There are a number of bead-based assay technologies used to study biomolecular interactions in a microplate format, for example, AlphaScreen® and AlphaLISA®, manufactured by PerkinElmer of Waltham, Mass. The acronym “Alpha” stands for amplified luminescent proximity homogeneous assay. These technologies are non-radioactive, homogeneous proximity assays. Binding of molecules captured on the beads leads to an energy transfer from one bead to the other, ultimately producing a detectable luminescent/fluorescent signal, which provides qualitative and quantitative information about one or more analytes in a sample.
AlphaScreen® and AlphaLISA® assays each utilize two bead types: Donor beads and Acceptor beads. Donor beads comprise a photosensitizer, for example, phthalocyanine, which converts ambient oxygen to an excited and reactive form of oxygen, singlet oxygen, upon illumination at 680 nm. Singlet oxygen is not a radical; it is molecular oxygen with a single excited electron. Like other excited molecules, singlet oxygen has a limited lifetime prior to falling back to ground state. Within its 4 μsec half-life, singlet oxygen can diffuse approximately 200 nm in solution, as compared to TR-FRET which has a maximum transfer distance of about 10 nm. If an Acceptor bead is within that proximity, energy is transferred from the singlet oxygen to thioxene derivatives within the Acceptor bead, subsequently culminating in light production within a range of wavelengths, e.g., 520-620 nm (AlphaScreen®) or at a particular wavelength, e.g., 615 nm (AlphaLISA®).

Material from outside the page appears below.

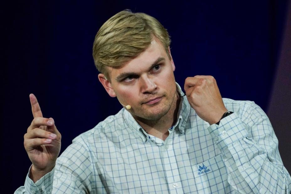 Leder Nils Forren i Senterungdommen under ungdomspartilederdebatten under Arendalsuka torsdag.

In the absence of an Acceptor bead, singlet oxygen falls to ground state and no signal is produced. This proximity-dependent chemical energy transfer is the basis for AlphaScreen's homogeneous nature, such that no washing steps are required, unlike ELISA assays, electrochemiluminescence, and flow cytometry assays, thereby offering a significant advantage.
Both AlphaScreen® and AlphaLISA® rely on the same Donor beads yet use different Acceptor beads. AlphaScreen® Acceptor beads are embedded with three dyes: thioxene, anthracene, and rubrene. Rubrene, the final fluor, emits light detectable between 520-620 nm. In the AlphaLISA® Acceptor beads, anthracene, and rubrene are substituted with an Europium chelate. The Europium (Eu) chelate is directly excited by the 340 nm light resulting from the conversion of thioxene to a di-ketone derivative following its reaction with singlet oxygen. The excited Europium chelate generates an intense light detectable within a much narrower wavelength bandwidth centered around 615 nm. In contrast to the AlphaScreen®, the AlphaLISA® emission is therefore less susceptible to interference by either artificial or natural compounds (such as hemoglobin) that absorb light between 500-600 nm.
AlphaScreen® and AlphaLISA® are typically run as multi-well (e.g., 96-, 384-, or 1536-well) assays, and are used to perform both biochemical and cell-based assays. They can be used for low to high affinity binding interactions (e.g., pM to mM), and can be used for high-throughput screening (HTS). AlphaLISA® is compatible with complex matrices such as cell lysates, serum, plasma, CSF, and the like. These systems can perform immunoassays, epigenetic assays, kinase assays, antibody detection and characterization, immunogenicity, selective detection of sAPP and amyloid peptides, alpha protease assays, alpha ligand-receptor assays, cAMP assays, cGMP assays, and detection of protein-protein and protein-nucleic acid interactions.
AlphaPlex™, manufactured by PerkinElmer of Waltham, Mass., is a homogeneous multiplexing reagent technology that utilizes the above-described alpha technology. By using multiple Acceptor beads which emit different wavelengths, multiple analytes can be detected. The system offers accurate multiplex quantification of a wide range of analytes, from large proteins to small proteins and scarce biological samples such as primary cells and stem cells, and is applicable to a wide range of applications including biomarkers for PD/PK, biomarkers for stem cells, kinase (e.g., total vs. phosphorylated protein), epigenetic markers (e.g., total histone vs. specific marker), amyloid peptides, IgG profiling, and assay normalization with housekeeping proteins.
The existing systems that utilize alpha technology are not portable. Crop sciences and animal health researchers/technicians are required to procure samples in the field, then take them back to the laboratory for analysis. Many samples may need to be taken to insure that a particular analyte of interest will be present in at least some of the samples when they are taken back to the lab for analysis.
Portable aminoassay devices include lateral flow devices, e.g., an aminoassay run in a cartridge, such as a pregnancy test, where the sample reacts with an antibody and produces a visible color when the analyte is present in the sample. Other portable systems involve dipsticks, e.g., paper or plastic embedded with reagents, which are dipped into a solution for determination of the presence of an analyte in the sample. These systems are typically not very accurate, and are usually limited to qualitative analyses.
There is a need for robust, easy-to-use, portable assay systems and devices that are more accurate and more sensitive than existing portable systems.